WORK TO BE COMPLETED | None of the images should appear in your copy. Transcribe the data in full.

RECORDS SHOWN |
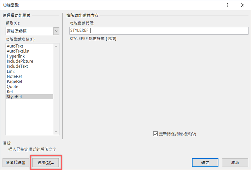 在左欄類別切換到「連結及參照」,然後找到最下面的「StyleRef」,點開選項。
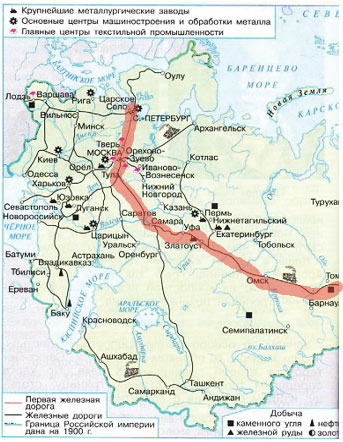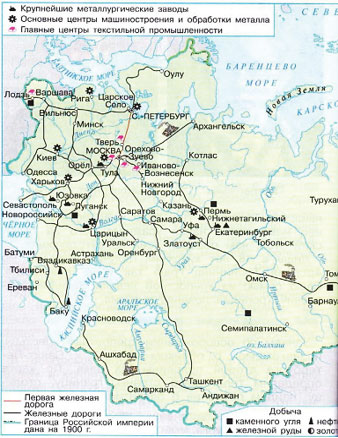 1. Что можно узнать по карте (с. 92 – 93, с. 120 – 121) об экономике России в конце XIX века?
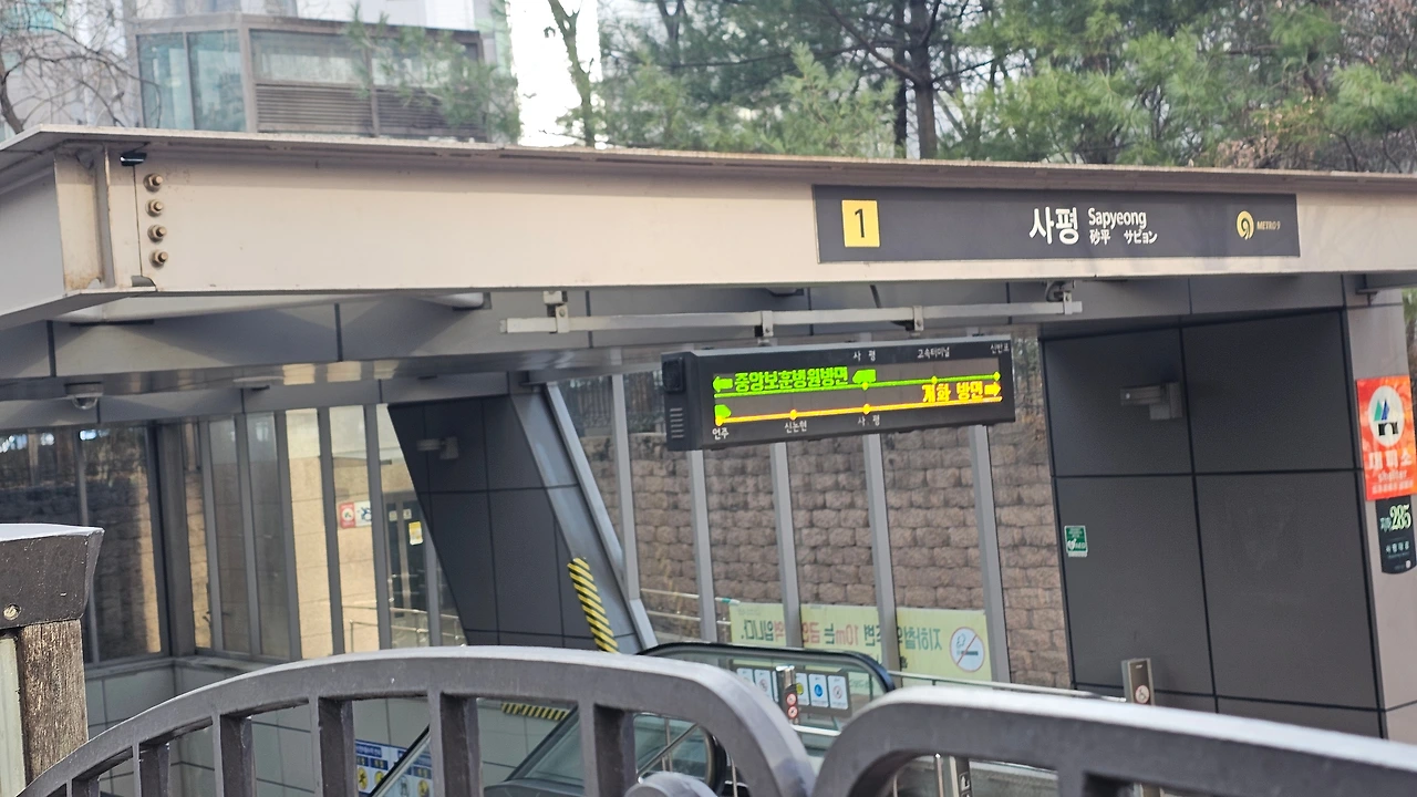 사평역은 신논현과 고속터미널 사이에 있지만, 인터넷 검색창엔 소설 <사평역>이 먼저 눈에 띌 정도로 실제 역의 인지도는 낮은 편이다. 아마 반포 아파트 주거단지 한복판에 쏙 들어가 있기 때문일 것이다. 반포의 아파트들은 이 역의 출구들을 마치 오벨리스크를 나눠 가진 유럽 열강들처럼 각자의 출입구 앞에 하나씩 거느리고 있다. 출구가 아파트 대문 옆에 바로 박혀 있는 풍경. 이걸 보고 있으면 역세권의 참뜻을 알게 된다. 아, 역세권이란 아파트 단지 안에 역을 소유하는 거구나
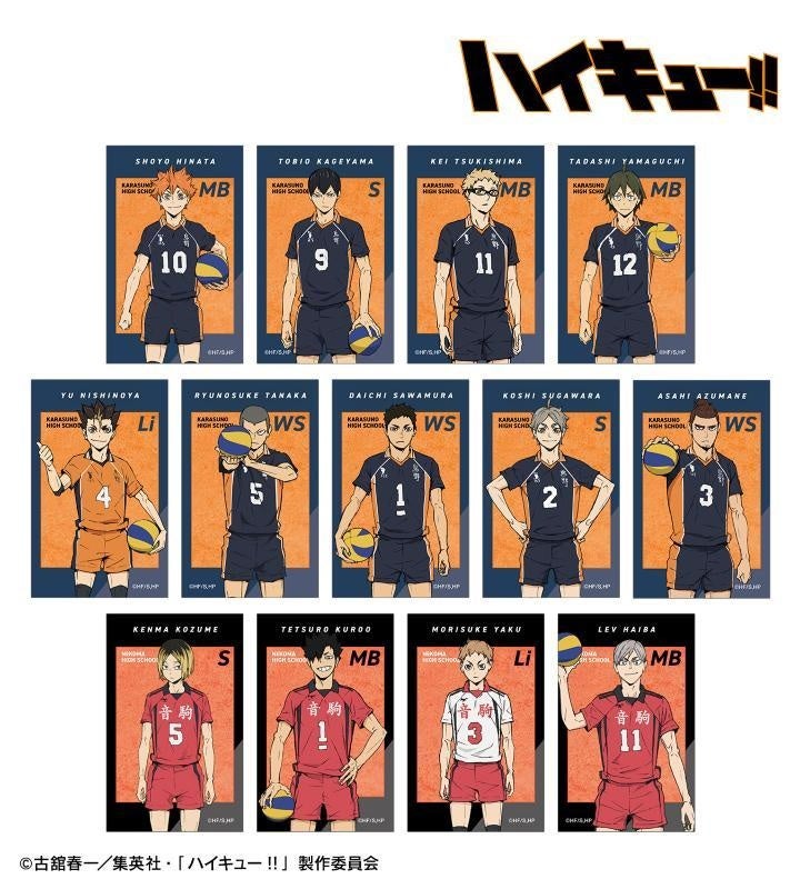 烏野高校の日向翔陽、影山飛雄、月島 蛍、山口 忠、西谷 夕、田中龍之介、澤村大地、菅原孝支、東峰 旭と音駒高校の孤爪研磨、黒尾鉄朗、夜久衛輔、灰羽リエーフのビジュアルをビジュアルカードに仕上げました。
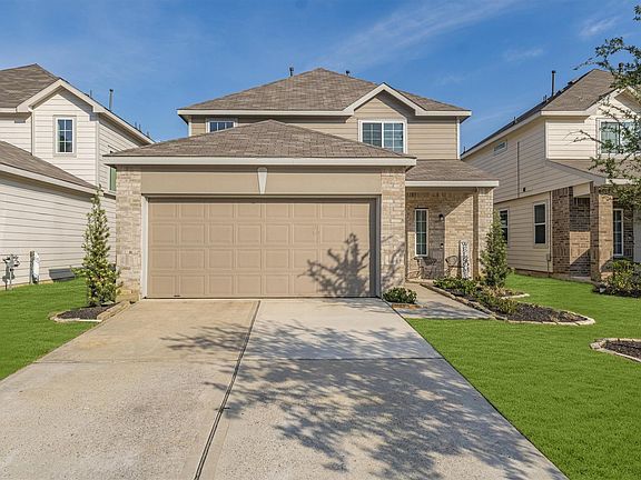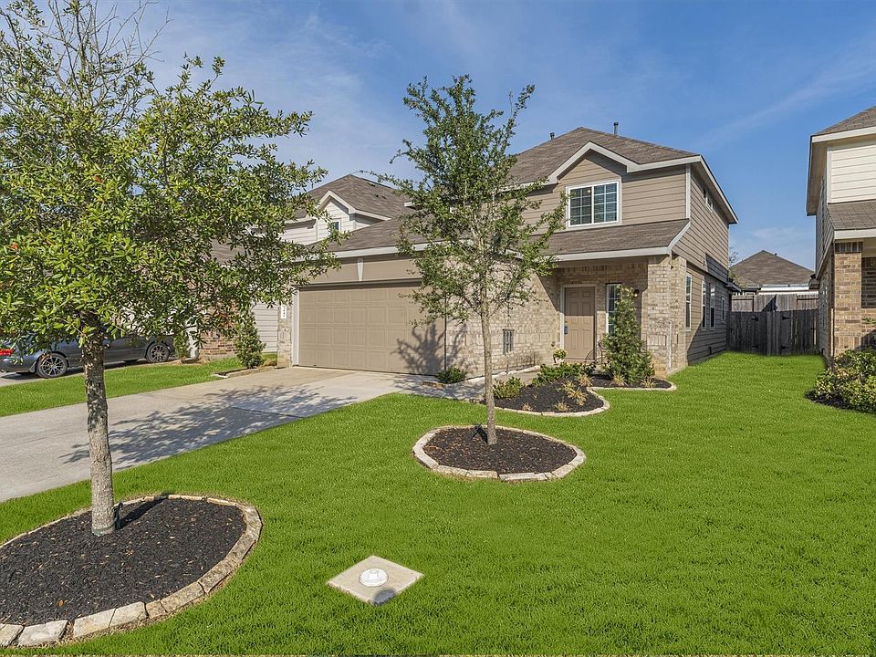 Welcome Home! This beautiful 4-bedroom, 2.5-bathroom open-concept home in Mackenzie Creek offers comfort, style, and convenience—just minutes from I-45, restaurants, and shopping. The spacious kitchen features a gas stove, island, and breakfast bar, perfect for cooking and entertaining. The primary suite, located downstairs, boasts a walk-in closet and ensuite bathroom with a soaking tub, separate shower and a double vanity. Upstairs, you’ll find an oversized game room surrounded by three generously sized secondary bedrooms—ideal for family or guests. Step outside to your Texas-sized covered patio and enjoy the large backyard, perfect for gatherings, relaxation, and outdoor fun. This home truly has it all—space, location, and charm!

WORKED SOLUTION |
 在左欄類別切換到「連結及參照」,然後找到最下面的「StyleRef」,點開選項。
 1. Что можно узнать по карте (с. 92 – 93, с. 120 – 121) об экономике России в конце XIX века?
 사평역은 신논현과 고속터미널 사이에 있지만, 인터넷 검색창엔 소설 <사평역>이 먼저 눈에 띌 정도로 실제 역의 인지도는 낮은 편이다. 아마 반포 아파트 주거단지 한복판에 쏙 들어가 있기 때문일 것이다. 반포의 아파트들은 이 역의 출구들을 마치 오벨리스크를 나눠 가진 유럽 열강들처럼 각자의 출입구 앞에 하나씩 거느리고 있다. 출구가 아파트 대문 옆에 바로 박혀 있는 풍경. 이걸 보고 있으면 역세권의 참뜻을 알게 된다. 아, 역세권이란 아파트 단지 안에 역을 소유하는 거구나
 烏野高校の日向翔陽、影山飛雄、月島 蛍、山口 忠、西谷 夕、田中龍之介、澤村大地、菅原孝支、東峰 旭と音駒高校の孤爪研磨、黒尾鉄朗、夜久衛輔、灰羽リエーフのビジュアルをビジュアルカードに仕上げました。
 Welcome Home! This beautiful 4-bedroom, 2.5-bathroom open-concept home in Mackenzie Creek offers comfort, style, and convenience—just minutes from I-45, restaurants, and shopping. The spacious kitchen features a gas stove, island, and breakfast bar, perfect for cooking and entertaining. The primary suite, located downstairs, boasts a walk-in closet and ensuite bathroom with a soaking tub, separate shower and a double vanity. Upstairs, you’ll find an oversized game room surrounded by three generously sized secondary bedrooms—ideal for family or guests. Step outside to your Texas-sized covered patio and enjoy the large backyard, perfect for gatherings, relaxation, and outdoor fun. This home truly has it all—space, location, and charm!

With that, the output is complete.